Defect Thermodynamics and Kinetics Involving Interfaces

The thermodynamic and kinetic situations described so far only apply to the bulk of the material under consideration. A further relevant field of study deals with ionic/electronic phenomena taking place at interfaces such as solid–solid (grain boundary, heterogeneous contacts) and solid–gas (material surface) interfaces. At the distance of the screening length (or below), distinct deviations from electroneutrality occur, and field effects determine the carrier concentrations. Figure a,b shows the correspondence of such field effects with concentration variations of electronic and ionic carriers. In fact in many materials, such as SrTiO3, it is the ionic point defects which determine the field, while the electrons follow such field undergoing a “fellow traveler” effect. These phenomena are described in detail in ref (36). The deliberate introduction of interfaces (or more generally charged higher-dimensional defects) can be used as a materials design strategy in a similar way as the classic (zero-dimensional) doping. We speak then of heterogeneous (or higher-dimensional) doping.
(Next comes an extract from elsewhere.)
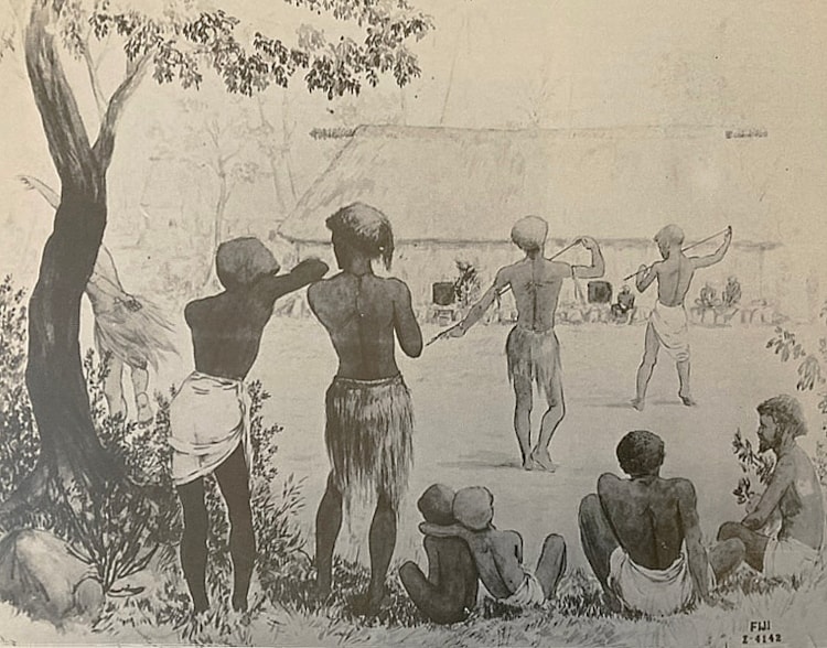 See here the drawing by Arthur John Lewis Gordon, cousin to Fiji's governor, Sir Arthur Gordon showing a game of Tiqa, the reed-throwing competition which often led to fighting and conflict bewteen villages.

Such effects can lead to large variations in ionic and electronic charge carrier concentrations and can thus determine the macroscopic functional properties of a material given a high enough density of heterogeneities (e.g., in mesoscopic structures, see Figure c). The promising field that investigates these systems is called nano-ionics, and its general relevance for electronics and information technology is discussed elsewhere.[60] Interfaces of interest in our context are homophase boundaries (grain boundaries) but also heterophase boundaries such as oxide/halide interfaces.[36,61]
Figure 5

(a) Energy level diagram for ionic and electronic carriers at an interface in the case of predominant Frenkel disorder. Panel (a) taken with permission from ref (41). Copyright 2004 Wiley-VCH Verlag. (b) Defect concentration changes as a function of distance from a positively charged interface. All positive defects are suppressed, and all negative defects are enhanced close to the boundary. Panel (b) adapted with permission from ref (62). Copyright 1995 Elsevier Science Ltd. (c) Strong size effects on the conductivity of SrTiO3 when entering the mesoscopic regime. Grain sizes of polycrystalline samples are given in the figure. Panel (c) adapted with permission from ref (63). Copyright 2010 Wiley-VCH Verlag.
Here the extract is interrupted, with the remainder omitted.